The higher reading belied the brisk advance of more than 2% for the S&P 500 Index over the same three-day stretch. It’s the first time implied volatility has failed to decline amid stock gains of this magnitude since 2009, when the bull market was in its infancy. The two variables tend to move in opposite directions.
During Friday’s 1.1% advance in the S&P 500, the VIX -- which measures the 30-day implied volatility of the S&P 500 based on out-of-the-money options prices -- also moved higher. That’s despite the weekend effect that typically sees the gauge move lower on Fridays, and the passage of a market-moving event -- the May non-farm payrolls report.
This marked just the 11th time since 2004 that the VIX advanced while the stock benchmark rose at least 1%, according to Macro Risk Advisors derivatives strategist Vinay Viswanathan.
“The options market is unwilling to lower its pricing of risk further despite impressive market strength,’’ he wrote. “The stocks up/vol up move could be a sign from the option market that while equities were performing well, there is still plenty of risk worth protecting against (especially with China trade talks/G-20 lingering on the horizon).’’
The event premium built into options that encompass the month-end G-20 summit – at which U.S. President Donald Trump and his Chinese counterpart Xi Jinping are slated to talk trade -- is off its recent highs, Viswanathan notes. He recommends July put options on the S&P 500 as an opportunity for investors nervous about the outcome to purchase relatively cheap protection.
Pravit Chintawongvanich, Wells Fargo’s equity derivatives strategist, said in a note that the fierceness of market rallies is contributing to firmness in the volatility index. For the most part, U.S. stocks have taken the staircase down from a record close on April 30, and rebounded via the elevator.

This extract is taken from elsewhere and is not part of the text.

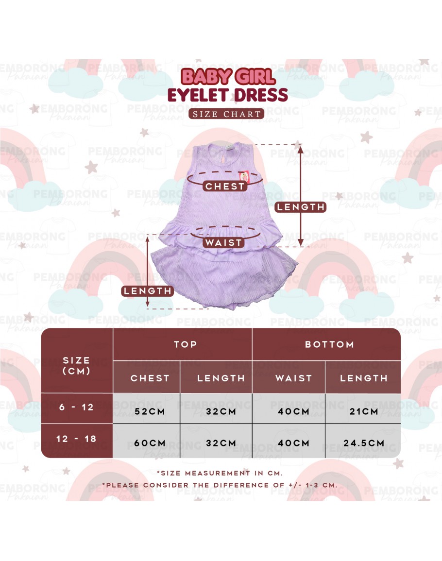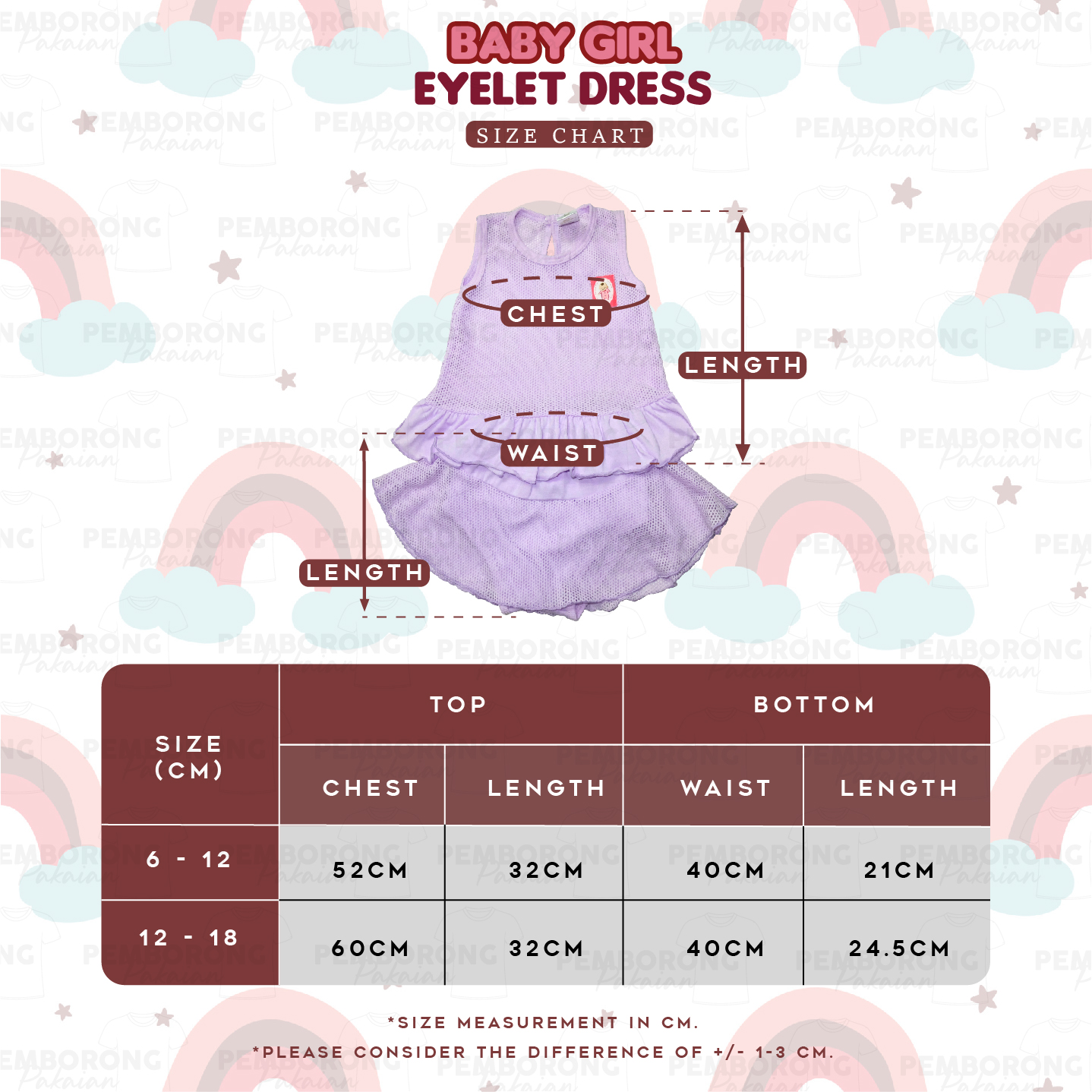 Baby Girl Eyelet Dress Suit/ Dress Bayi Berlubang/ Baby Girl Set 6-12 /12-18 Months

“Up moves count as vol too, and have been pushing realized vol higher,’’ he wrote. “VIX actually looks low relative to realized vol.’’
On Monday, the signal sent by a relatively muted retreat in the VIX appears to be a mirage linked to the demand for upside. The most heavily traded options are S&P 500 calls that expire on June 21 with strike prices of 2,900, 3,000 and 3,100. It’s an indication that fund managers who missed most of the 2019 advance might be looking for a way to get exposure to further gains without worrying about losses should equities reverse lower.